◆ Activity
Using the listing below, please print exactly the lines from the one with "For the third" through the one with "ILEEDear Vintage Edison". Leave out every picture.

◆ Given data

========

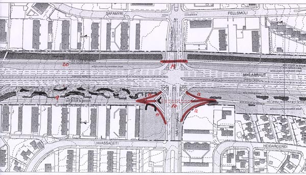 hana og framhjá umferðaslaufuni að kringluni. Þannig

========

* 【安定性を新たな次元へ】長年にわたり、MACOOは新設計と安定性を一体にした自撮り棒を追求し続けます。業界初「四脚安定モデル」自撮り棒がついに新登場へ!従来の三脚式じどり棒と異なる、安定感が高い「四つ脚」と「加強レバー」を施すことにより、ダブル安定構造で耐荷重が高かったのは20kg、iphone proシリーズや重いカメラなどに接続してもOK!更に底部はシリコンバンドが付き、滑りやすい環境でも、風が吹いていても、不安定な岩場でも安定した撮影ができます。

========

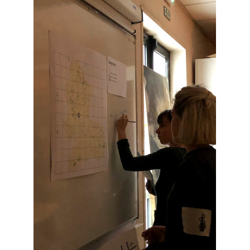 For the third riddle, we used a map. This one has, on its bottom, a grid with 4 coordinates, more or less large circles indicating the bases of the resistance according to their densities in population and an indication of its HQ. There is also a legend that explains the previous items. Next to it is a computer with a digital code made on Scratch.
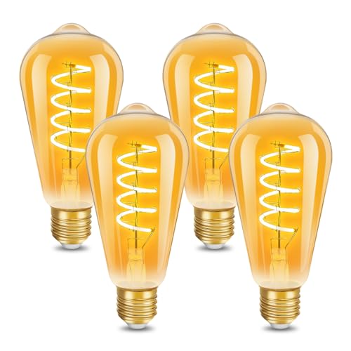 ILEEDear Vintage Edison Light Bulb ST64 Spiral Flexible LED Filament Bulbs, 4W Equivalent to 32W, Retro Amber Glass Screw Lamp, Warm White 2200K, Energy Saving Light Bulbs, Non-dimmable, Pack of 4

========

◆ Exercise solution
 For the third riddle, we used a map. This one has, on its bottom, a grid with 4 coordinates, more or less large circles indicating the bases of the resistance according to their densities in population and an indication of its HQ. There is also a legend that explains the previous items. Next to it is a computer with a digital code made on Scratch.
 ILEEDear Vintage Edison Light Bulb ST64 Spiral Flexible LED Filament Bulbs, 4W Equivalent to 32W, Retro Amber Glass Screw Lamp, Warm White 2200K, Energy Saving Light Bulbs, Non-dimmable, Pack of 4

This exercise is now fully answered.